HOWTO: How to Detect and Remove Inactive Machine Accounts

ID: Q197478

The information in this article applies to:
  • Microsoft Windows NT Server versions 3.5, 3.51, 4.0

SUMMARY

This procedure uses batch files and resource kit utilities to create a list of machine accounts sorted by the last time the machine account's password was updated.

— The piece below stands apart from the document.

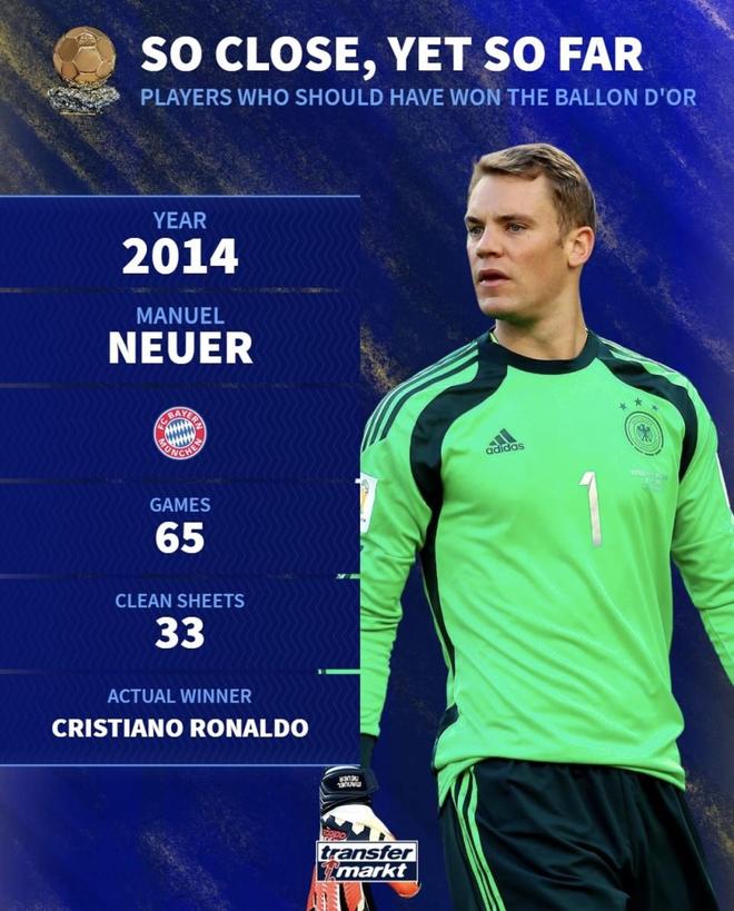 三冠王+歐冠金靴+賽季71球貢獻(xiàn),當(dāng)年金球獎卻直接取消;若正常評選幾乎無懸念。唯一“零對手+被制度傷到”的案例,最冤無爭議。

The list then needs to be examined by an administrator to remove all machine accounts that are deemed active, leaving only the old machine accounts in the remaining list. The remaining list is then read by a batch file that systematically deletes the old machine accounts using Windows NT resource kit utilities.

  1. Create the following batch files from their listings below: Oldms.bat, Oldms2.bat, Oldms3.bat, Oldms4.bat, Deloldms.bat, and Bat2.bat.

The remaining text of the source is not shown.